基金supported by Elam M. and Georgina E.Hack Memorial Research Funds,Department of Periodontics,University of Washington,Seattle,WA,USAsupported by WVCTSI funds,West Virginia University,Morgantown,WV,USA
文摘Toll-like receptor (TLR)-mediated inflammatory response could negatively affect bone metabolism. In this study, we determined how osteogenesis is regulated during inflammatory responses that are downstream of TLR signaling.

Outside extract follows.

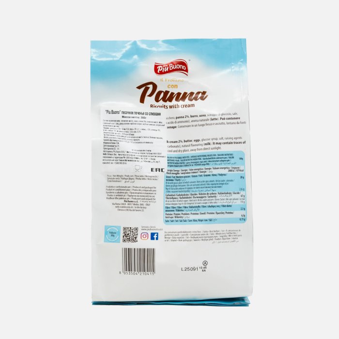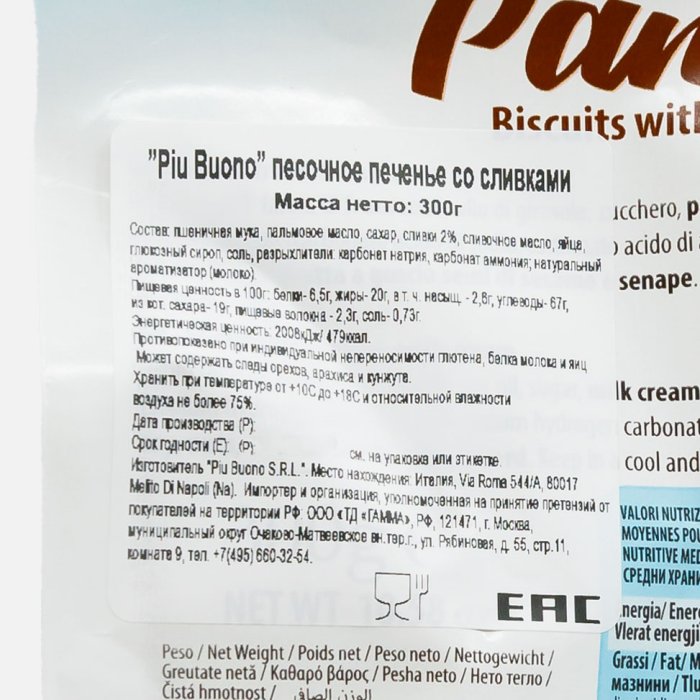 Печенье Пиу Буоно песочное со сливками 300г

Human primary osteoblasts were cultured in collagen gels. Pam3CSK4 (P3C) and Escherichia coli lipopolysaccharide (EcLPS) were used as TLR2 and TLR4 ligand respectively. Porphyromonas gingivalis LPS having TLR2 activity with either TLR4 agonism (Pg1690) or TLR4 antagonism (Pg1449) and mutant E. coli LPS (LPxE/LPxF/WSK) were used. IL-lp, SH2-containing inositol phosphatase-1 (SHIP1) that has regulatory roles in osteogenesis, alkaline phosphatase and mineralization were analyzed. 3α-Aminocholestane (3AC) was used to inhibit SHIP1. Our results suggest that osteoblasts stimulated by P3C, poorly induced IL-1β but strongly upregulated SHIP1 and enhanced osteogenic mediators. On the contrary, EcLPS significantly induced IL-1β and osteogenic mediators were not induced. While Pg1690 downmodulated osteogenic mediators, Pg1449 enhanced osteogenic responses, suggesting that TLR4 signaling annuls osteogenesis even with TLR2 activity. Interestingly, mutant E. coli LPS that induces weak inflammation upregulated osteogenesis, but SHIP1 was not induced. Moreover, inhibiting SHIP1 significantly upregulated TLR2-mediated inflammatory response and downmodulated osteogenesis. In conclusion, these results suggest that induction of weak inflammatory response through TLR2 (with SHIP1 activity) and mutant TLR4 ligands could enhance osteogenesis.